Source data:
--- START ---
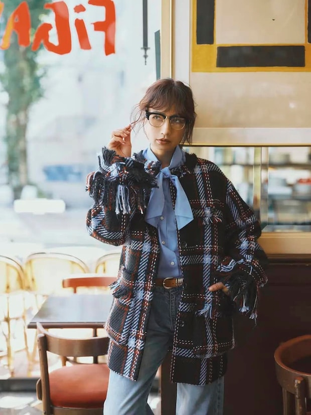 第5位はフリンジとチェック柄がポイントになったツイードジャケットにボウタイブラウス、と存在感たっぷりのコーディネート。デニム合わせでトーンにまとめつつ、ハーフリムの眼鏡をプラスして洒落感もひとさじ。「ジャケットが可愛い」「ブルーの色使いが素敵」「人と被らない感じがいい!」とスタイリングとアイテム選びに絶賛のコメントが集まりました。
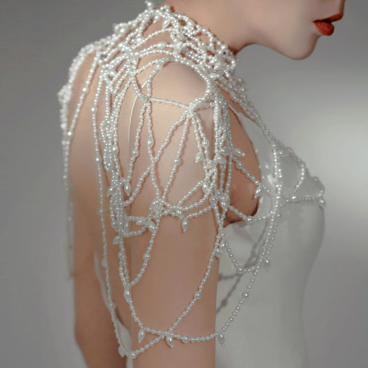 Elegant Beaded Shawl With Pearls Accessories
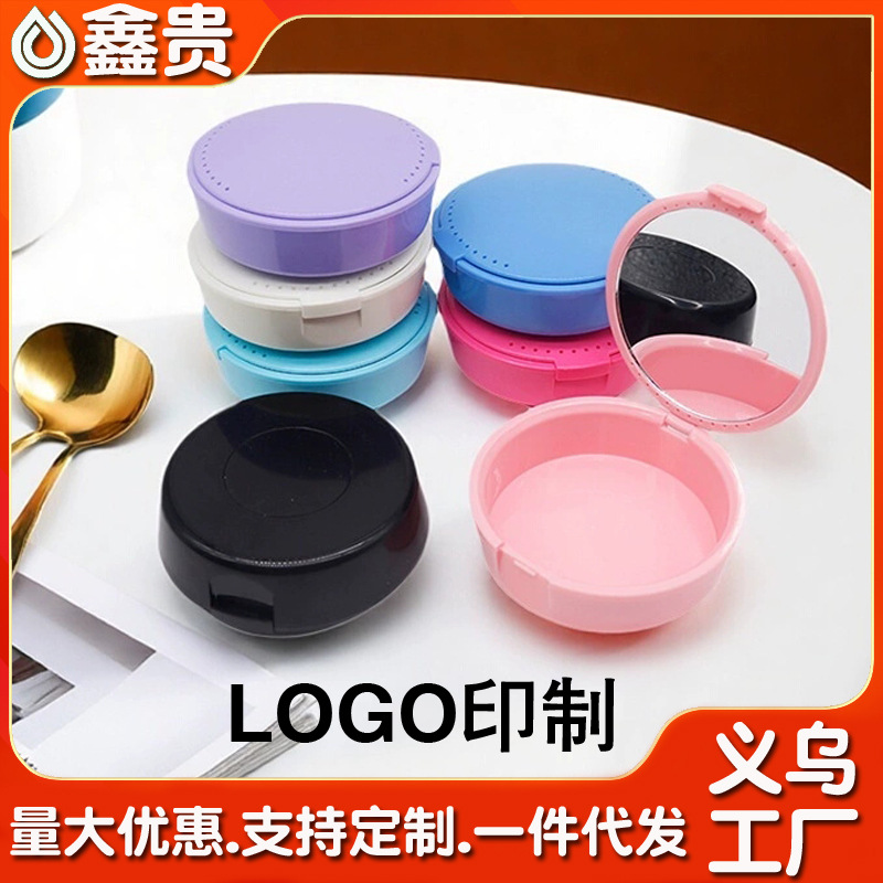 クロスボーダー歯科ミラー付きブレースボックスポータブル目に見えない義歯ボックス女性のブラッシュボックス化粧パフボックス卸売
--- END ---
--- START ---
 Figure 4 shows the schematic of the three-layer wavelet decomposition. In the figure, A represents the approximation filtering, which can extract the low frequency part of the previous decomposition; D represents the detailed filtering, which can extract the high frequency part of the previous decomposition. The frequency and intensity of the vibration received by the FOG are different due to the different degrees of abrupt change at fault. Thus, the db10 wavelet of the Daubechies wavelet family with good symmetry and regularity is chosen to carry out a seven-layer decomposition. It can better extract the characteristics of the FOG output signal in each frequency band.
--- END ---
Task goal:
Using the data above, retype exactly the lines from the line with "Elegant Beaded Shawl With Pearls Accessories" to the line with "クロスボーダー歯科ミラー付き", inclusive. No pictures and nothing else.

Solution for this exercise:
 Elegant Beaded Shawl With Pearls Accessories
 クロスボーダー歯科ミラー付きブレースボックスポータブル目に見えない義歯ボックス女性のブラッシュボックス化粧パフボックス卸売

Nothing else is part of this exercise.